Posted on:2009-09-28Degree:Ph.DType:Dissertation
University:University of MinnesotaCandidate:Li, ZiningFull Text:PDF
GTID:1449390002995857Subject:Business Administration
Abstract/Summary:
Conservative accounting results in a downward bias in reported earnings and net assets in times of investment growth. Prior research has shown that analysts do not fully understand this downward bias, which may partially explain the observed optimism in their earnings forecasts. Managers, faced with the pressure to meet or just beat analysts' earnings expectations, have an incentive to issue earnings guidance that may influence analysts to adjust their forecasts for the effect of conservatism.
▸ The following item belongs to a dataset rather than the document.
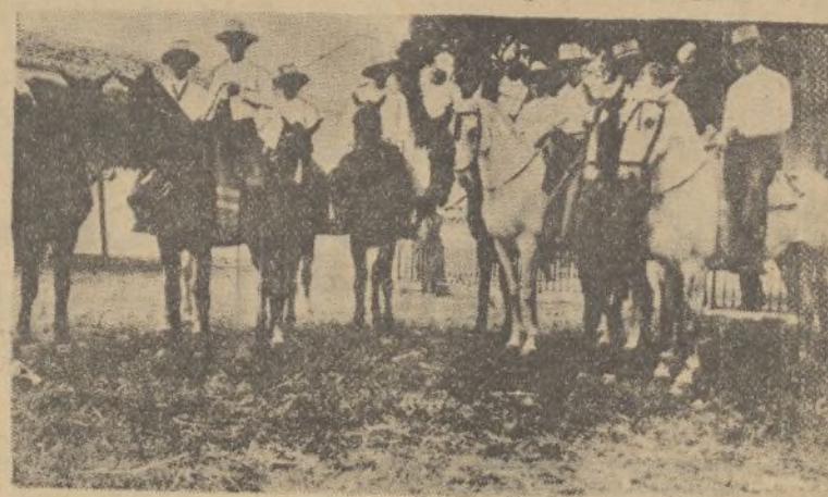
Un grupo de caballistas «choqueros»

«Ere una blanca paloma de jazmines y azucenas, dame consuelo y orfio pa que se alivien mis penas virginita del Rocío».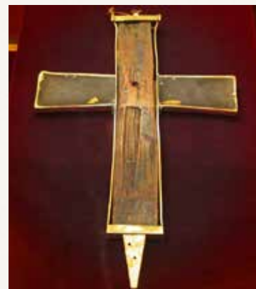
Фрагмент Животворящего Креста Господня в дворцовой сокровищнице Габсбургов в Вене

История Креста на этом не была закончена. В 638 г. Иерусалим сдался арабскому войску, начавшему победное распространение мусульманской веры на Востоке. Крест разделили на части и вывезли кораблями в Константинополь и другие места. Одну из частей спустя некоторое время вернули обратно в Иерусалим, где она хранилась до эпохи Крестовых походов.

This paper examines how accounting conservatism affects managers' forecasting behavior. First, I find that both the likelihood of a firm issuing management earnings forecasts and the forecast frequency increase in the level of conservatism. Second, I investigate whether management earnings forecasts inform analysts about the downward bias in earnings caused by accounting conservatism. I find that the news in management forecasts, measured relative to the prevailing analyst consensus, is negatively correlated with the level of conservatism. Further, this correlation varies with changes in asset growth, consistent with managers conveying the complex effect of changes in growth on conservatively reported earnings that is likely to be misestimated by analysts. Finally, I find that, subsequent to the issuance of management earnings forecasts, analysts revise their forecasts to incorporate the effect of accounting conservatism conveyed by management forecasts. Overall, the evidence suggests that managers provide earnings guidance which conveys information about the effect of accounting conservatism that is not fully recognized by analysts.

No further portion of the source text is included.